Delivery date: 06/11/2024 until 11:00 pm via Canvas
Value: 35 points
Penalty for delay: Full amount, no delay allowed!
Groups: 2 or 3 components
The Pap smear is a histological examination performed to detect changes in the cells of the cervix. being the main method of detecting lesions for the early diagnosis of cervical cancer. In this work, you must implement an application that reads Pap smear images and enables automatic recognition of cancer cells.
a) The program must be implemented in C++, Python or Java.
b) The use of elementary library functions is permitted. An elementary function means a basic image manipulation function, the result of which is not the final solution to the problem. Ex: reading files, calculating histograms, filters, calculating distances, converting between image formats, calculating features, classifiers. The main code that uses the functions must be original to the group.

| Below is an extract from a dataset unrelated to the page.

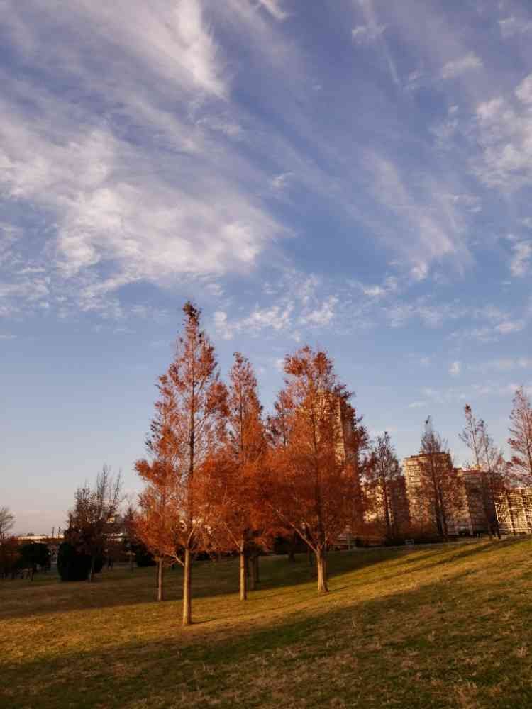 小さなメタセコイヤですけど紅葉が青空に映えますね📸

1) The data used in training and testing the classifiers must be preprocessed. Through the classifications.csv spreadsheet. Obtain the coordinates of the cell nuclei from the images available in the dataset (only a part of the images is available). Crop the images, generating a 100x100 sub-image for each cell and store in sub-directories according to their class. The image name must be the cell number in the worksheet. The README.md file contains the description of the classes.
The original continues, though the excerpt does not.